Other than messenger ravens, there’s another corresponding detail linking Flash Gordon to GOT. In his last words to Flash, Ming the Merciless declares, "I am the universe!" But after Flash kills Ming, Dr. Zarkov offers this amendment, "Flash Gordon has conquered the universe". In GOT, Arya Stark spends a long, tortuous time under the tutelage of Jaqen trying to lose her identity. When she masters it and is able to kill her nemesis, Jaqen anoints her with his highest praise, declaring that she has become No One. “A girl is Arya Stark of Winterfell,” she says, correcting him, “And I’m going home.”
In both instances it's the assertion of the ego--the clinical ego, not the conventional ego. But there's a very big difference. Flash Gordon’s ego will soon once again be subsumed by the cosmos…he will go back in service of Planet Earth to fight for truth, justice and the American Way.
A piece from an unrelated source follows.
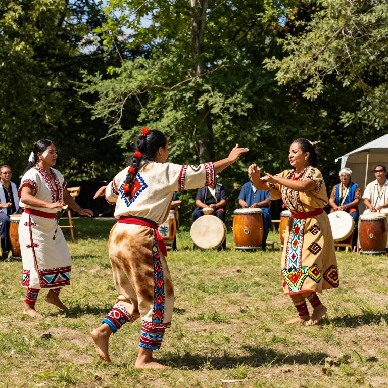 Dynamic scene of dancers wearing traditional Iroquois clothing with bright geometric designs and natural dyes, performing in a sunlit clearing amid tall trees and handmade drums.
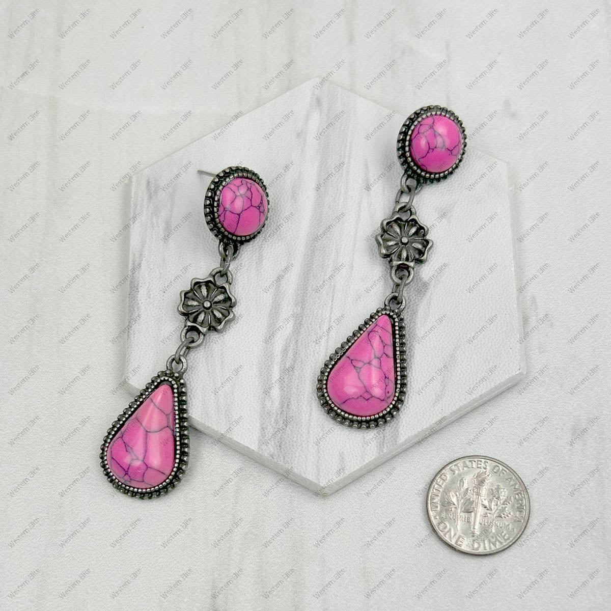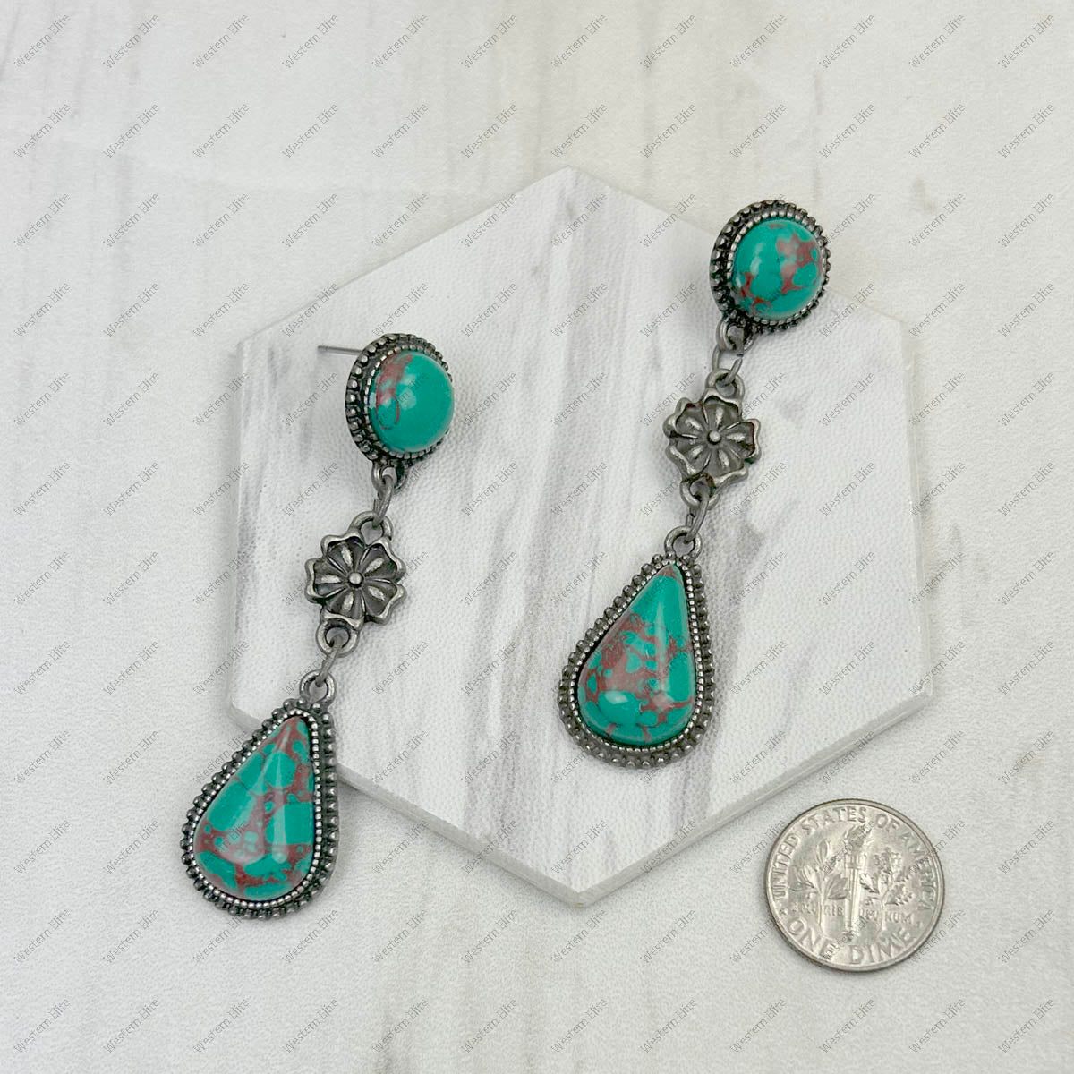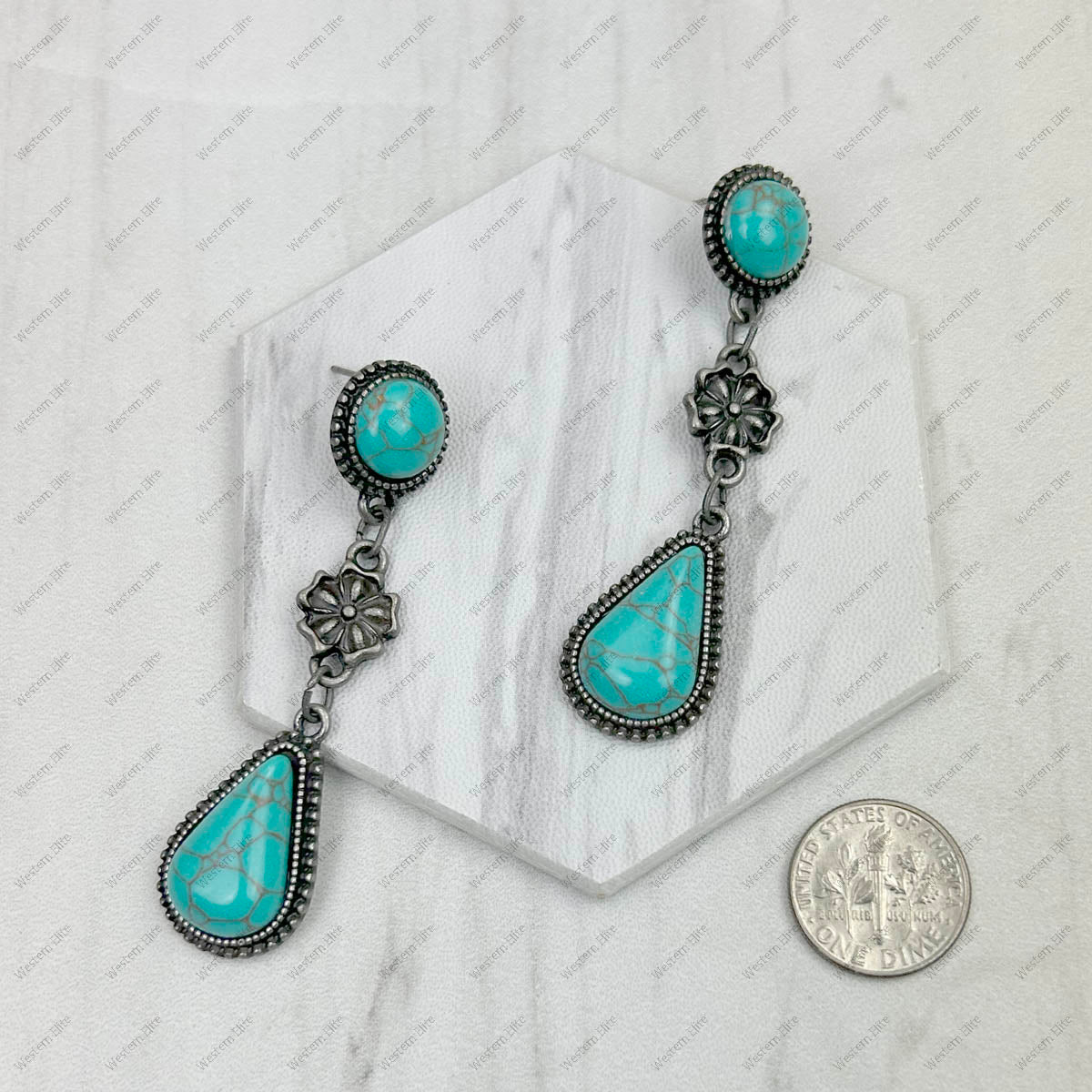 ERZ231205-11 Silver metal with blue turquoise stone concho Earrings

Arya, on other hand, has crossed Campbell’s bounding sphere of the cosmos. As he writes in Hero with a Thousand Faces:"...Where we had thought to slay another, we shall slay outselves; where we thought to travel outward, we shall come to the center of our own existence; where we thought to be alone, we shall be with all the world."
After leaving Jaqen, we witness Arya sliding in and out of identities and we realize that Arya Stark is now just another mask for her to put on. She has realized the "ineluctable void”, which probably makes her the best suited to sit on the Iron Throne, but also the least likely. Once you become No One, you really don't have any desire to rule over Any One.